Konon utusan dari Astina tersebut berhadapan dengan para pengawal tetapi bersikukuh tidak mau menyerahkan senjatanya sebelum menghadap sehingga pecah peperangan antara rombongan tamu dan para pengawal. Para tamu Korawa kocar kacir dan senjata mereka berhasil dilucuti oleh Anoman dan Sang Begawan pengawal, termasuk panah pusaka Pasopati milik Adipati Karno. Sang Adipati yang setengah mau menjadi utusan marah besar dan malu karena panah pusakanya terampas sehingga “beliau ngambek” dan ingin Kembali ke Kadipatennya saja.
Kejadian itu dilaporkan kepada Begawan termasuk panah pusaka Adipati Karno diserahkan kepada Sang Begawan. KaRENA Anoman tidak ingin memiliki panah pusaka iyu, mka panah pusaka itu supaya dikembalikan kepada pemiliknya karena Anoman tidak tertarik memiliki pusaka sakti itu.
Pada pertemuan itu Anoman mendapat perintah mencari Janaka agar dihadapkan pada Sang Begawan secepatnya.
Akhirnya Janaka ditemukan dan segera dihadapkan pada Sang Begawan guna mendapatkan hadiah pemberian anugerah Wahyu Makutharomo sehingga keturunan Aryuna di kemudian hari dipersiapkan menjadi raja di tanah Jawa yang luas.
Pada saat diserahkannya Wahyu tersebut Arjuna ditawari juga senjata sakti milik Adipati Karna tetapi Arjun yang merupakan saudara sama ibu dengan Adipati Karno menolak. Akhirnya Arjuna ditugasi mengembalikan pusaka Adipati Karno itu kepada pemiliknya.
Pada pertemuan berikutnya dengan sangat terharu Adipati Karno menerima pusaka andalannya dari Arjuna yang dalam Perang Barata Yudha menjadi lawannya yang Tangguh. Dengan sikap Arjuna itu Adipati Karno tidak mencoba berebut Wahyu karena Arjuna dianggap memenuhi syarat memiliki Wahyu.

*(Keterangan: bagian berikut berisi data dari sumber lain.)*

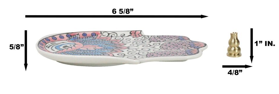 ? This Hamsa Palm With Eye Of Providence Incense Holder measures 0.75" High, 6.75" Wide and 4.5" Deep approximately. It weighs about 7 ounces.
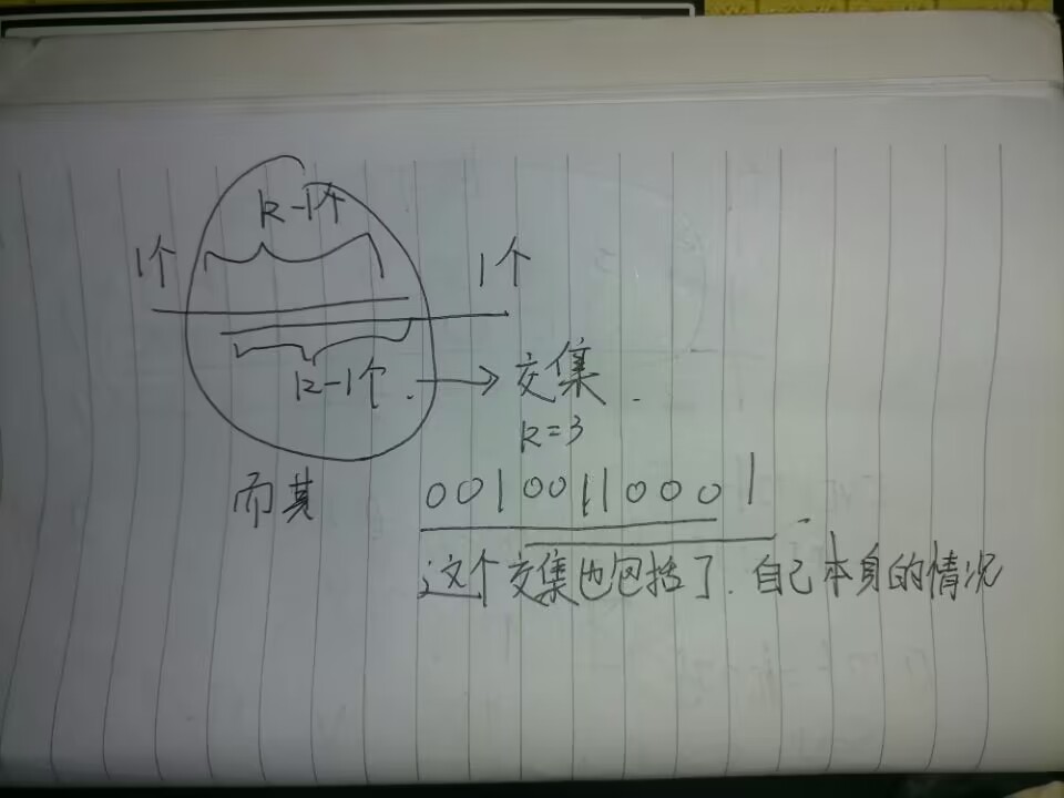 当然是从这里面字符数量里面选出k个位置来放1(但是对于我们为什么没有减去原来的那一个排序呢,请往后看)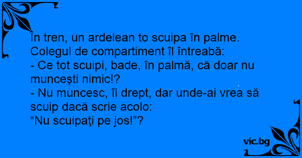 - Nu muncesc, îi drept, dar unde-ai vrea să scuip dacă scrie acolo: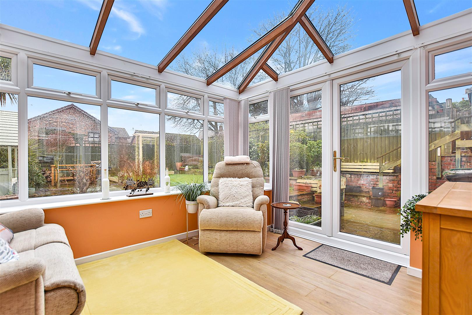 Upvc double glazed windows on a brick plinth overlooking the rear garden, wood effect flooring, glass roof and upvc double glazed French doors opening to the patio.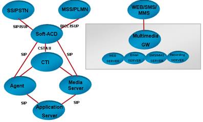 目前市場(chǎng)最常見的第三代呼叫中心是傳統(tǒng)的基于TDM的呼叫中心,應(yīng)用了計(jì)算機(jī)電話集成(CTI)技術(shù)。隨著網(wǎng)絡(luò)的普及和NGN的發(fā)展,出現(xiàn)第五代呼叫中心NGCC。NGCC是以NGN為基礎(chǔ)構(gòu)建的呼叫中心系統(tǒng),核心控制設(shè)備處理呼叫的能力較傳統(tǒng)呼叫中心大幅提高。NGCC的網(wǎng)絡(luò)架構(gòu)和接口如圖3所示。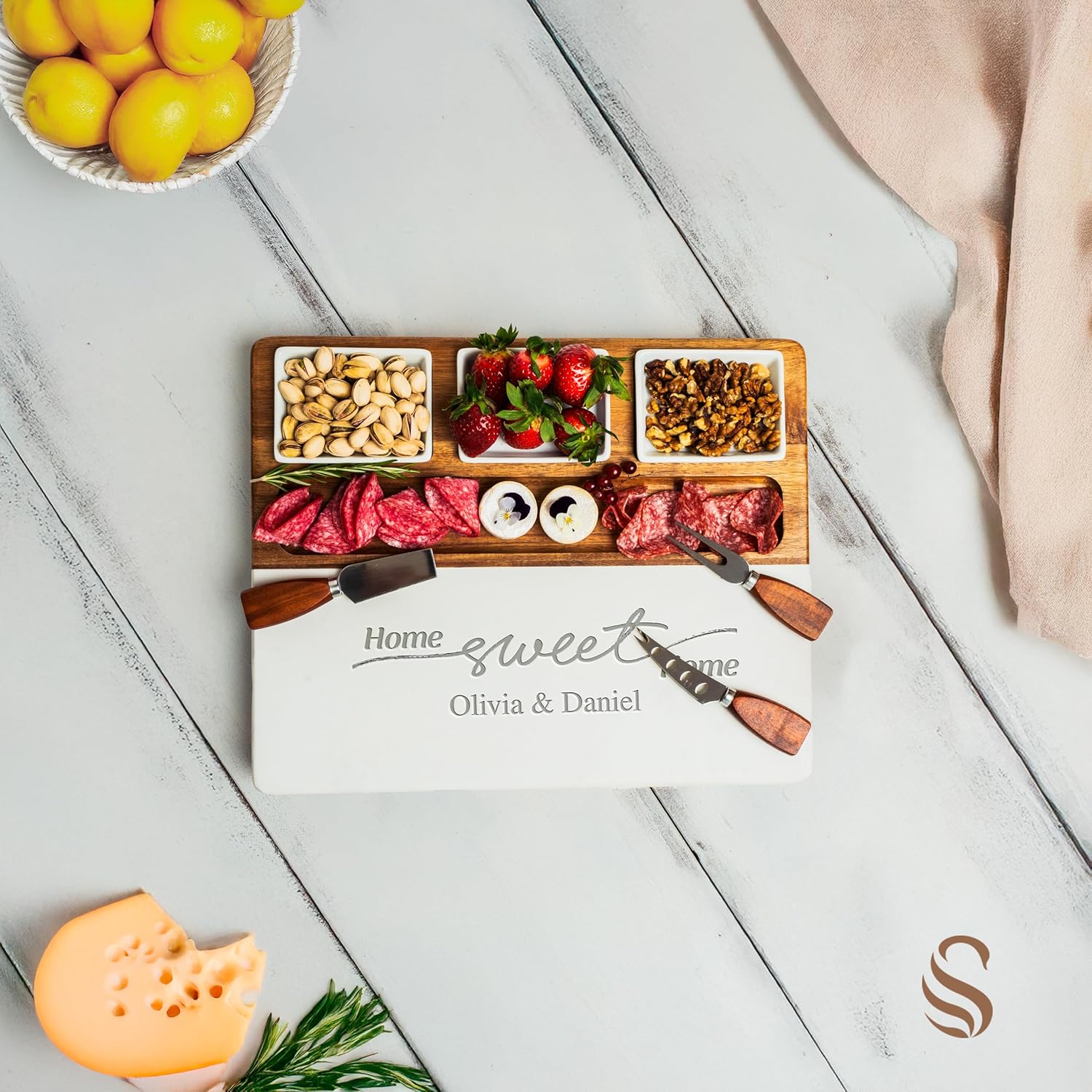 - Versatile Entertaining Solution: Embrace versatility with this charcuterie board set, ideal for various gatherings. Its removable ceramic bowls allow for creative arrangements of olives, dips, or spreads. Whether a casual family get-together or an elegant soirรฉe, this set adapts to fulfill your entertaining needs. Enhance your home and kitchen aesthetic with a functional centerpiece that perfectly complements any decor, making it the ultimate in wedding gifts for couples 2025.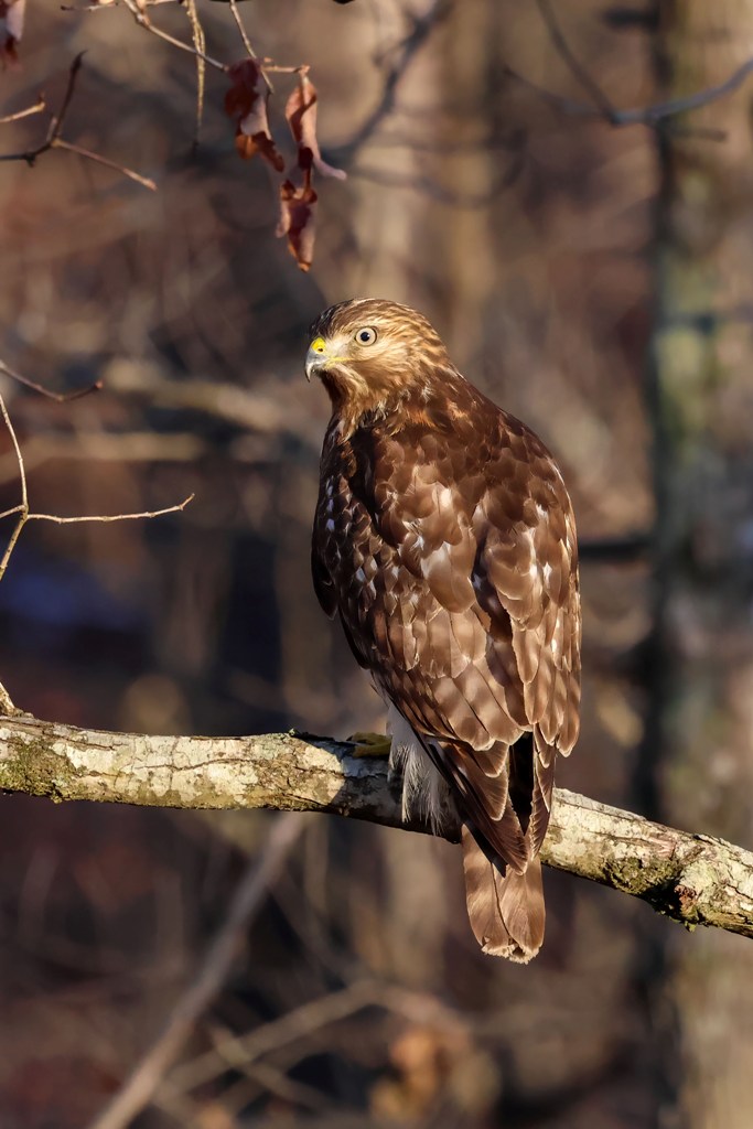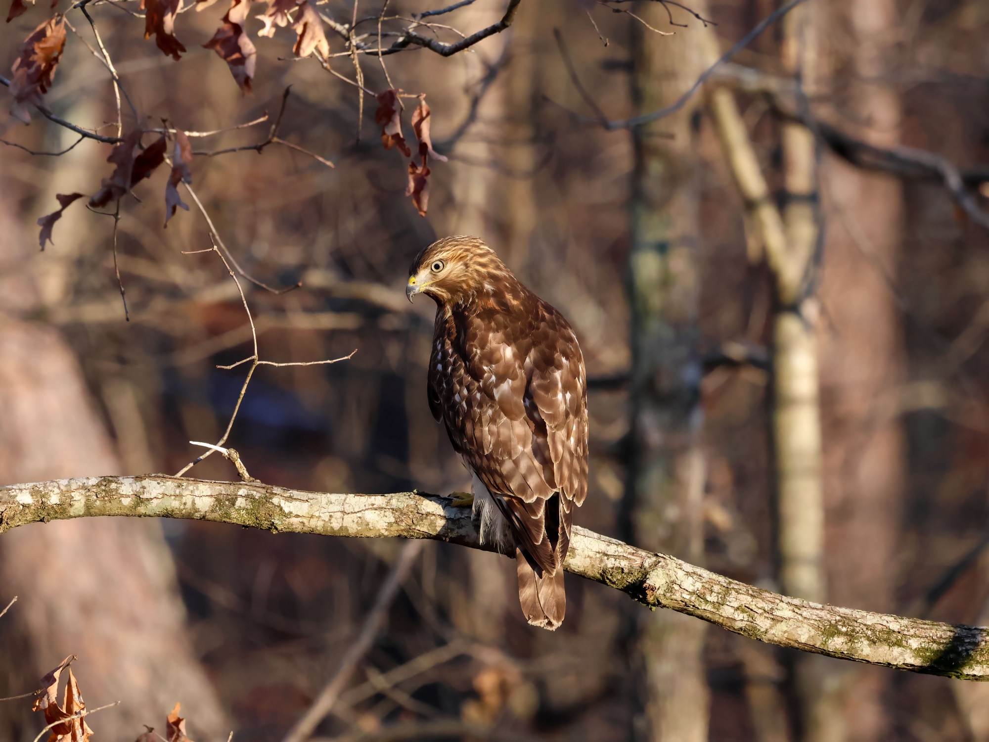 I glanced out the window the other day and saw a beautiful Red-shouldered Hawk perched on a backyard branch. I knew I wanted to try and get a picture, so I grabbed my camera (while hubby distracted the dogs) and I slowly opened the back door, trying really hard not to make any noise or sudden movements.
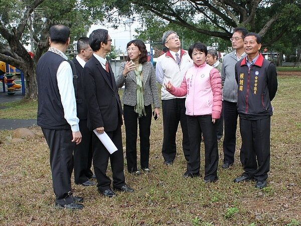 立委楊瓊瓔(右三)、市議員賴朝國(右一)邀集教育部國教署及市府教育局官員,到新興國小校園勘查。(記者李智誠攝)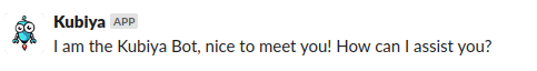 Send a ‘hello’ message to the Kubiya App. If your authentication was successful, you will recieve the following response from the app:

Raden Werkudara merasa iri kenapa Arjuna yang diberi wahyu akhirnya mendapat penghargaan dari roh kakak Raja Alengko yang dibunuhnya dan “kekuatannya masuk ke tangan kanan” Raden Werkudara. Dengan demikian kepemilikan Wahyu itu tidak ada lagi yang mengganggu gugat. Pada waktunya keturunan Arjuna akan menjadi Raja di Astina setelah Perang Barata Yudha Jaya Binangun.